Saturday, October 19, 2013

No Crying at Teardrop Hill

. . . And then we took a hike of an entirely different stripe from the trails of Garrotxa. Maestras of untraveled and unknown Cape Breton highlands, Lynn and Louise led us on a route where the only discernible track is the occasional overgrown remnant of old pioneer roads abandoned since the national park was created in the 1930s. Never once in our recent Garrotxa tramp did we have to bushwhack; on Saturday with L & L at the head of the column we did nothing but.

In the early going we followed the Ruis des Plees Ferrees, crossing and recrossing it repeatedly wherever traversing seemed easiest. The forest cover here is almost entirely hardwood – yellow and white birch, red and sugar maple. In June these woods would be vibrant with birdsong; in mid-October, among the many-hued glories of autumn leaves, the forest was almost entirely silent. An occasional chickadee here, a hairy woodpecker there.

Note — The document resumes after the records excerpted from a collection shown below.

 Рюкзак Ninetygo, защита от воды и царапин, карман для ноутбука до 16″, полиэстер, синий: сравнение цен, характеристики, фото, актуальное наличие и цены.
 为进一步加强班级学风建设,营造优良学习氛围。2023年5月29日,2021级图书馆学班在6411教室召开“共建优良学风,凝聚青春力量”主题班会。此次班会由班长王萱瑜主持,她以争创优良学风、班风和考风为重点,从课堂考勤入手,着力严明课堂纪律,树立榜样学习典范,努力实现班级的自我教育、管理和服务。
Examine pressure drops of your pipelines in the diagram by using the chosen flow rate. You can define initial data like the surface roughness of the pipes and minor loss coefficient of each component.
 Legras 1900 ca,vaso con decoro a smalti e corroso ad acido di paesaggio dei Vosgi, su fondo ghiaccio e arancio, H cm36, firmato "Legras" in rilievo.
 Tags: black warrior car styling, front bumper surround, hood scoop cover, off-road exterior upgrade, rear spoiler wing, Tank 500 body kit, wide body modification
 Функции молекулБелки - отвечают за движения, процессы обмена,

We came upon two waterfalls, a little one of just 5 feet in a short canyon, then a towering cataract of close to 50 feet, the second-highest I have seen in Nova Scotia. How many people know of it? The waterfall has no name on the large-scale map the twins use to discern new highland hiking possibilities. To get above the fall we scrambled up a steep, rocky embankment and were rewarded with a bird’s eye view through the Plees Ferrees valley all the way to Cheticamp and the Atlantic.

The mountain ridge we were targeting this day also goes nameless on the twins’ map but they call its western end ‘Teardrop Hill’ because of shape it is given by map contours. Where the river valley is deeply shaded by ancient hardwoods, the slopes above the big waterfall gradually open, until at the ridge top you find yourself in a wide open barren, most of the trees branchless and long dead but still standing. Here Louise spotted a moose; it fled as soon as it noticed us. The moose was no surprise: we saw moose sign everywhere, the occasional discarded rack and plenty – oh yes plenty – of moose-turd. Lots of bear-scat was available for inspection too. Judging from preliminary analysis beech nuts are currently a much preferred menu choice. We tried some ourselves – the nuts that is – and decided the bears show good taste.

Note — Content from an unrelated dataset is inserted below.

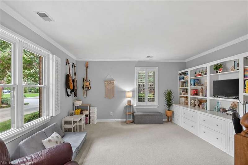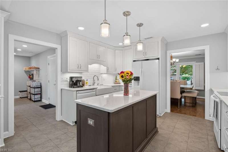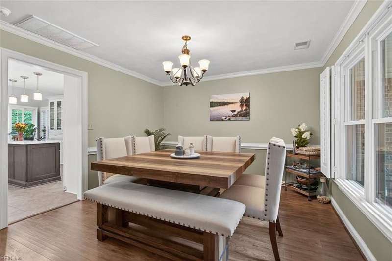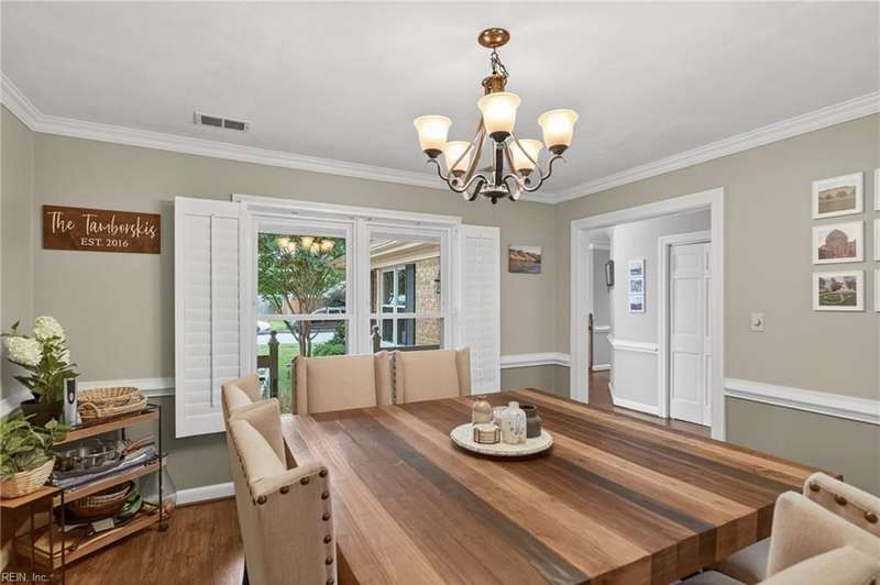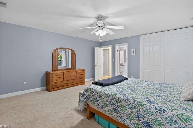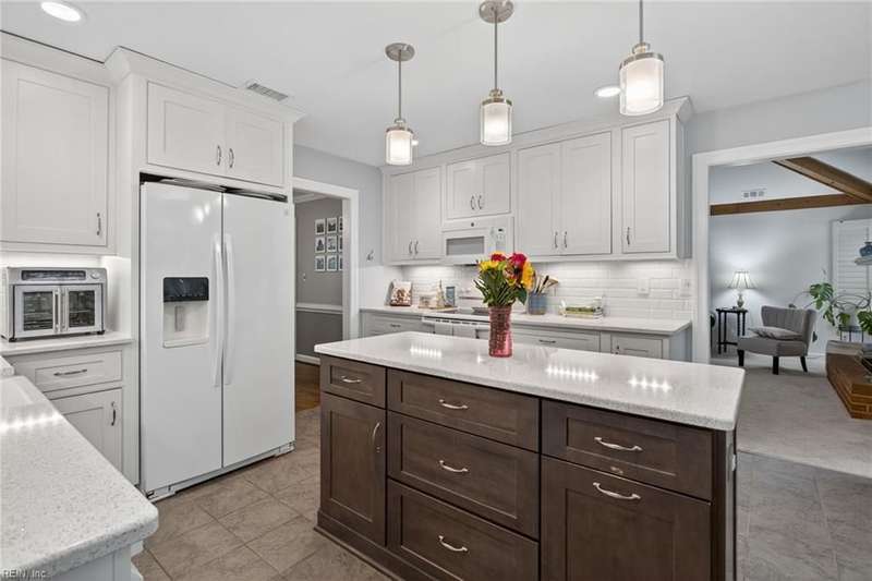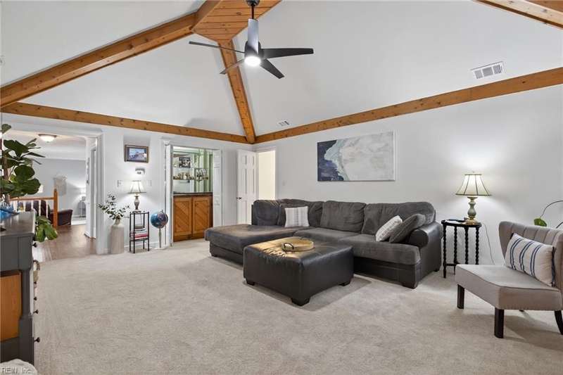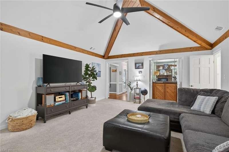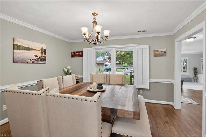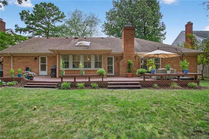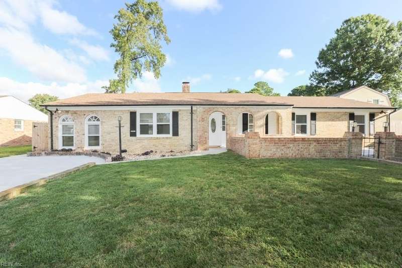 Beautifully updated brick ranch in the heart of Fairfield! This 4-bedroom, 2.5-bath home offers an exceptional blend of space, comfort, and style. The flexible floor plan features a huge great room perfect for entertaining or working from home, a family room with vaulted ceilings and wood-burning fireplace, formal dining room, and an eat-in kitchen. The private primary suite opens directly to the expansive back deck overlooking the fenced yard. Recent updates include roof, windows, HVAC, kitchen, baths, flooring, gutters, deck, fence, and sprinkler system. A two-car garage plus oversized driveway provides abundant parking. Convenient to interstates, Regent University, shopping, and dining, this home offers a rare combination of quality, flexibility, and location!

What we didn’t see at any point on the twins’ away-from-it-all route was any other human or indeed any evidence that we weren’t the first people to have traveled here in a long, long time. Approaching the high plateau – 433 m above our start point according to the GPS – Louise mentioned that on high ground at this time of year they often see palm warbler, perhaps the most inappropriately named of all North American birds. Look for them not in palms but in scrub spruce of the boreal forest. Within moments we had two in a tree, flipping their tails as palm warblers are wont to do. Then after a pair of pine grosbeaks graced us with a close fly-past, a big bird flew low toward us until, spotting humans in this most anomalous context, veered off away from the ridge. A golden eagle.

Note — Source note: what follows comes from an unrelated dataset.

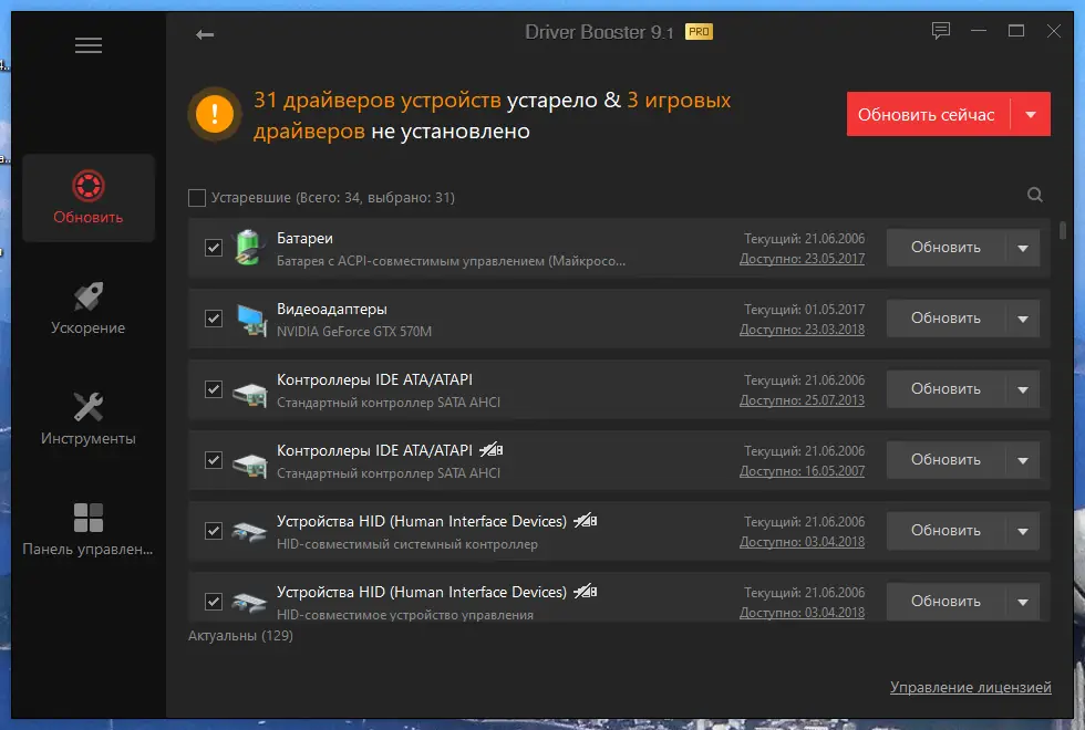 - Обновление драйверов в 1 клик для повышения производительности

Jan asserts that my HQ – happiness quotient to the uninformed – can always be measured in direct proportion to the number of pictures I take. The greater the number, the cheerier the old guy is almost certain to be. On Saturday there were plenty of reasons to count one’s blessings . The golden eagle was just the capper. The picture count? Oh, about 130, just a few of which in the Flickr photostream will paint you a picture.